20 Oct 2022 | Sewon Min, Xinxi Lyu, Ari Holtzman, Mikel Artetxe, Mike Lewis, Hannaneh Hajishirzi, Luke Zettlemoyer
This paper investigates the role of demonstrations in in-context learning (ICL), where large language models (LLMs) perform new tasks by conditioning on a few input-label pairs. The study challenges the assumption that ground truth labels in demonstrations are essential for performance. Experiments show that replacing labels with random ones has minimal impact on performance across multiple classification and multi-choice tasks, suggesting that the model does not rely on the input-label mapping in the demonstrations. Instead, other aspects of the demonstrations, such as the label space, input text distribution, and sequence format, are key to performance.
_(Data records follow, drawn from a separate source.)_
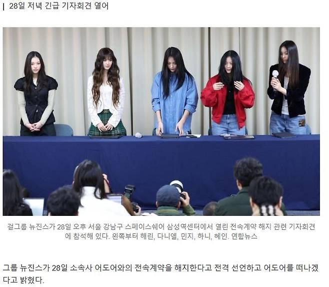 뉴진스 멤버 민지(김민지), 하니(하니 팜), 다니엘(다니엘 마쉬), 해린(강해린), 혜인(이혜인)은 이날 저녁 8시30분 서울 강남구 삼성동의 한 복합문화공간에서 기자회견을 열고 “(어도어에) 전속계약 위반의 시정을 요구했고 오늘 자정이 되면 끝이 나는데, 개선의 의지가 없는 보여주기식 메일만 보냈을 뿐 시정은 이뤄지지 않았다”며 “(어도어의) 무성의한 태도가 너무 지치고 우리에 대한 진심이 없구나 다시 한번 느꼈다. 어떠한 시정도 이뤄지지 않아서 29일 자정(0시) 전속계약을 해지한다”고 밝혔다.
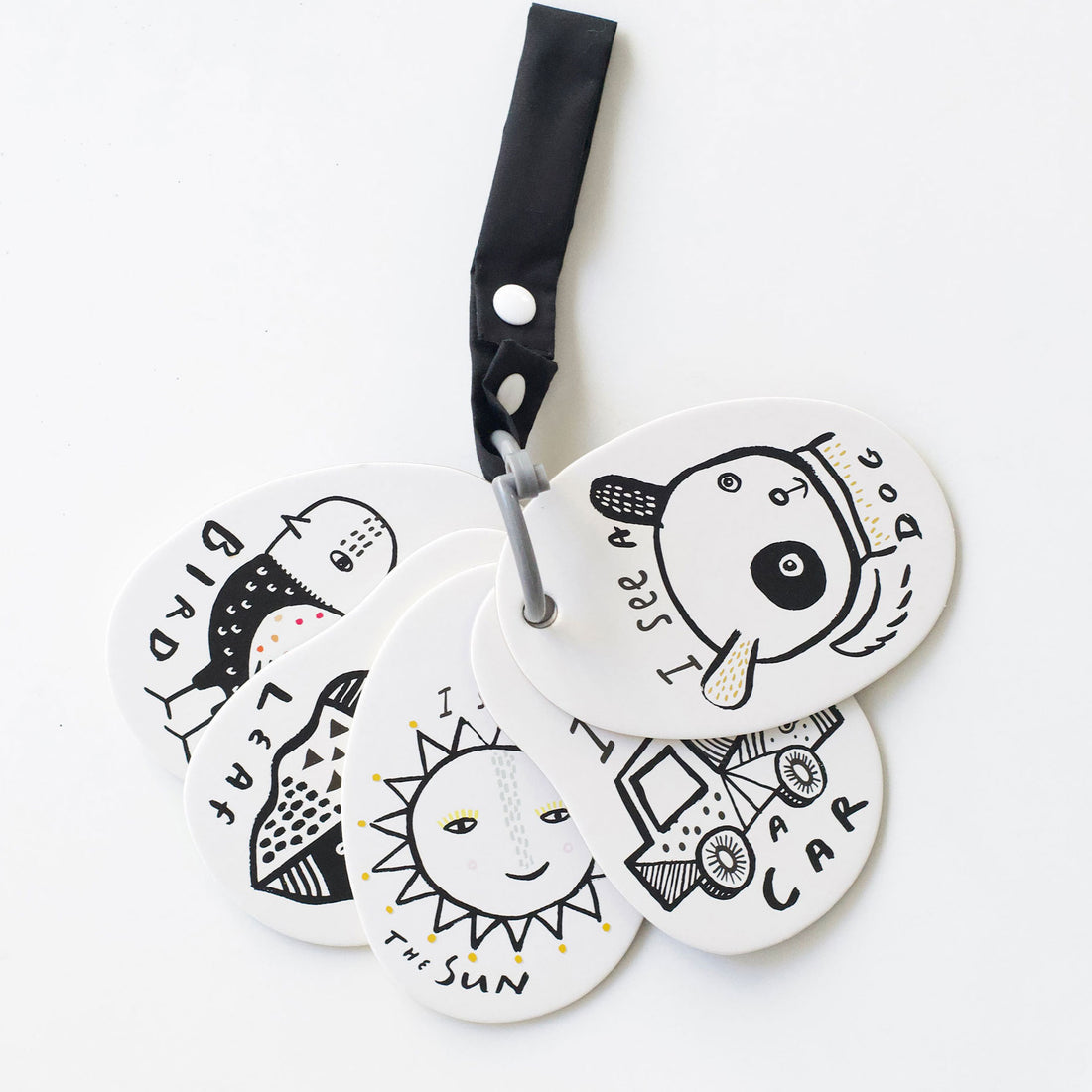 These five beautifully illustrated cards are super sturdy and held together with a ring and strap that connects to your stroller or bag. Easy to take on a trip but not easy to lose. Take your baby on a fun exploration the Wee Gallery way.
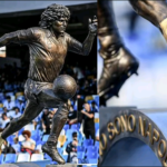 Amafoto:Ikirangirire mu mupira wamaguru Diego Maradona y’ubakiwe ikibumbano kiri mu ishusho ye gifite akaguru ka zahabu
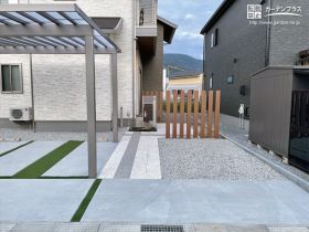 新築のお住まいの外構工事をご依頼いただきました。駐車スペースには多雪対応型のカーポートを施工。足元はコンクリートと人工芝を組み合わせて舗装し、ライトグレーと緑のコントラストが爽やかです。またインターロッキング平板を使ったアプローチはクランクさせ、角柱を組み合わせて、道路から丸見えにならないようにしました。お庭の人工芝は施主様がDIYで完成させるとのことで、ローメンテナンスながら鮮やかな緑を一年中楽しめるお庭になりそうです。
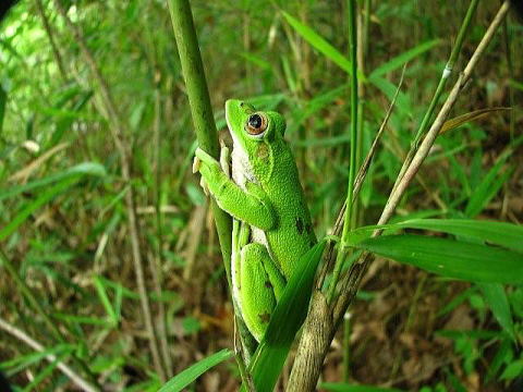 2008年6月8日のモリアオガエルの卵。画面中央のやや上にある白いのがそう。 | |
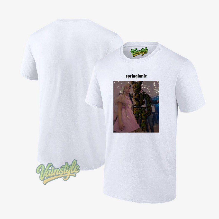 Springlanie Melanie Martinez and Springtrap Five Nights at Freddy’s T-Shirt – the ultimate crossover tee for fans of dark pop and animatronic horror! This unique design blends the whimsical world of Melanie Martinez’s Cry Baby aesthetic with the terrifying presence of Springtrap from the Five Nights at Freddy’s franchise, creating a truly eye-catching and conversation-starting piece.
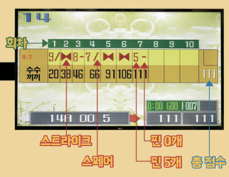 이렇게 볼링을 잘하는데, 보나 마나 내 점수는 엄청 높…, 응? 점수판이 왜 이렇게 복잡하냐, 끼끼! 어떻게 보는 거지?
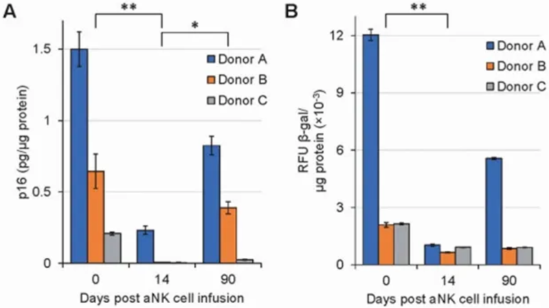 研究中,3名受试者首次接受1.0×10⁹个aNK细胞输注后,第14 天这两种标记物水平均显著下降,且无论年龄大小,都能观察到免疫衰老减轻的效果。
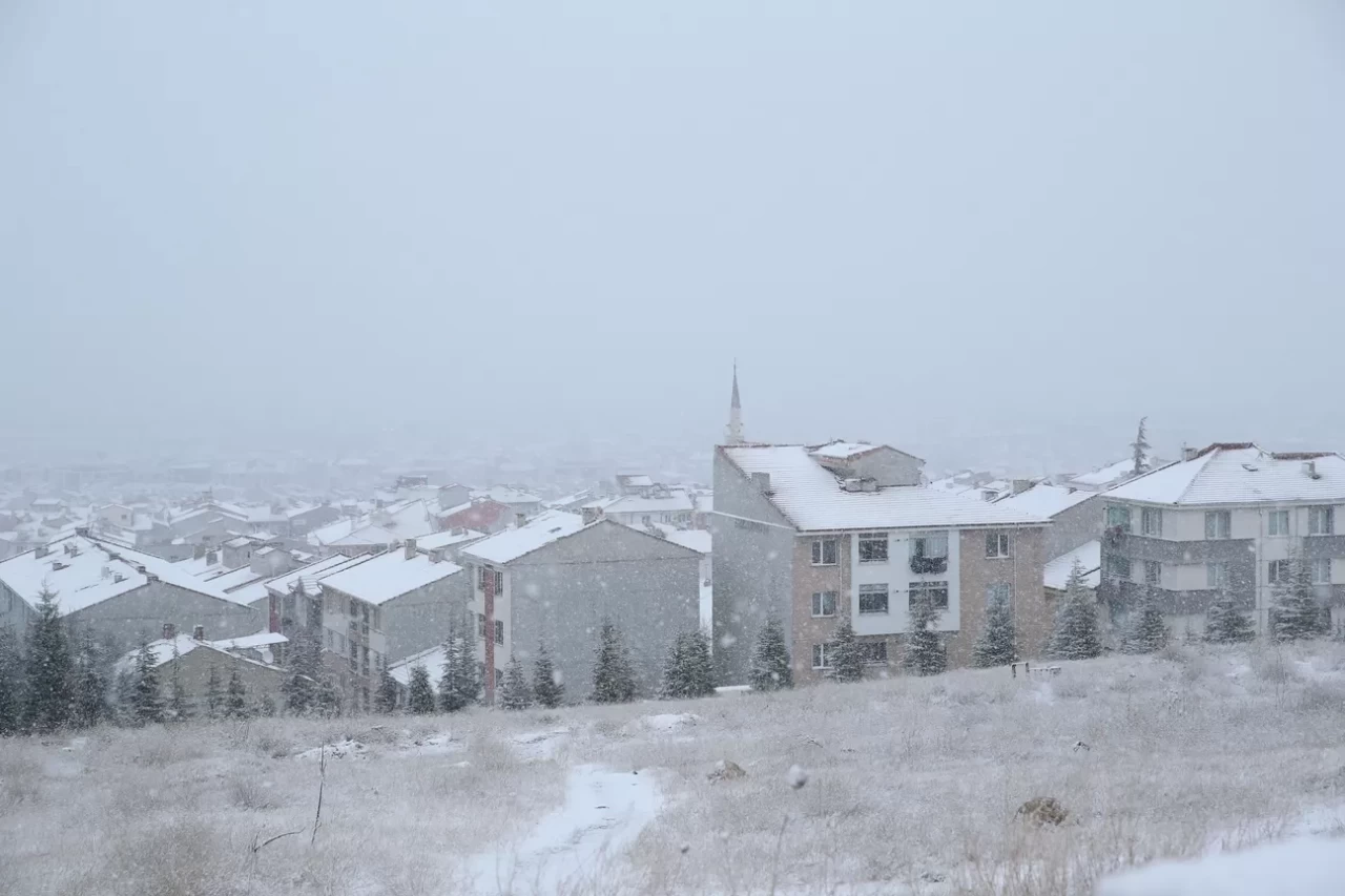 Hava sıcaklığının en düşük sıfırın altında 3 ve en yüksek sıfır derece ölçüldüğü kentte binaların çatıları, araçlar ve bitkiler karla örtüldü.

The analysis reveals that the model can achieve significant performance gains by understanding the label space and input distribution, even without correct labels. Additionally, the format of the demonstrations plays a crucial role, as models that retain the format of input-label pairs perform better than those that do not. Meta-training with an in-context learning objective further enhances these effects, as models focus on simpler aspects of the demonstrations, such as format, rather than the input-label mapping.
The study also highlights that in-context learning can achieve performance comparable to zero-shot learning without relying on ground truth labels. This suggests that LLMs may have learned implicit input-label correspondences through language modeling, enabling them to perform tasks without explicit supervision. However, the effectiveness of in-context learning depends on the format and structure of the demonstrations, and it may not work for tasks where the input-label correspondence is not already captured in the model.
The findings have implications for understanding how LLMs learn and how to improve in-context learning. They suggest that future work should focus on better ways to extract input-label mappings, refine the LM objective, or use explicit supervision to enhance performance. The study also raises questions about the generalizability of in-context learning and its potential limitations in certain tasks. Overall, the research provides new insights into the mechanisms of in-context learning and opens up new avenues for further exploration.This paper investigates the role of demonstrations in in-context learning (ICL), where large language models (LLMs) perform new tasks by conditioning on a few input-label pairs. The study challenges the assumption that ground truth labels in demonstrations are essential for performance. Experiments show that replacing labels with random ones has minimal impact on performance across multiple classification and multi-choice tasks, suggesting that the model does not rely on the input-label mapping in the demonstrations. Instead, other aspects of the demonstrations, such as the label space, input text distribution, and sequence format, are key to performance.
The analysis reveals that the model can achieve significant performance gains by understanding the label space and input distribution, even without correct labels. Additionally, the format of the demonstrations plays a crucial role, as models that retain the format of input-label pairs perform better than those that do not. Meta-training with an in-context learning objective further enhances these effects, as models focus on simpler aspects of the demonstrations, such as format, rather than the input-label mapping.
The study also highlights that in-context learning can achieve performance comparable to zero-shot learning without relying on ground truth labels. This suggests that LLMs may have learned implicit input-label correspondences through language modeling, enabling them to perform tasks without explicit supervision. However, the effectiveness of in-context learning depends on the format and structure of the demonstrations, and it may not work for tasks where the input-label correspondence is not already captured in the model.
The findings have implications for understanding how LLMs learn and how to improve in-context learning. They suggest that future work should focus on better ways to extract input-label mappings, refine the LM objective, or use explicit supervision to enhance performance. The study also raises questions about the generalizability of in-context learning and its potential limitations in certain tasks. Overall, the research provides new insights into the mechanisms of in-context learning and opens up new avenues for further exploration.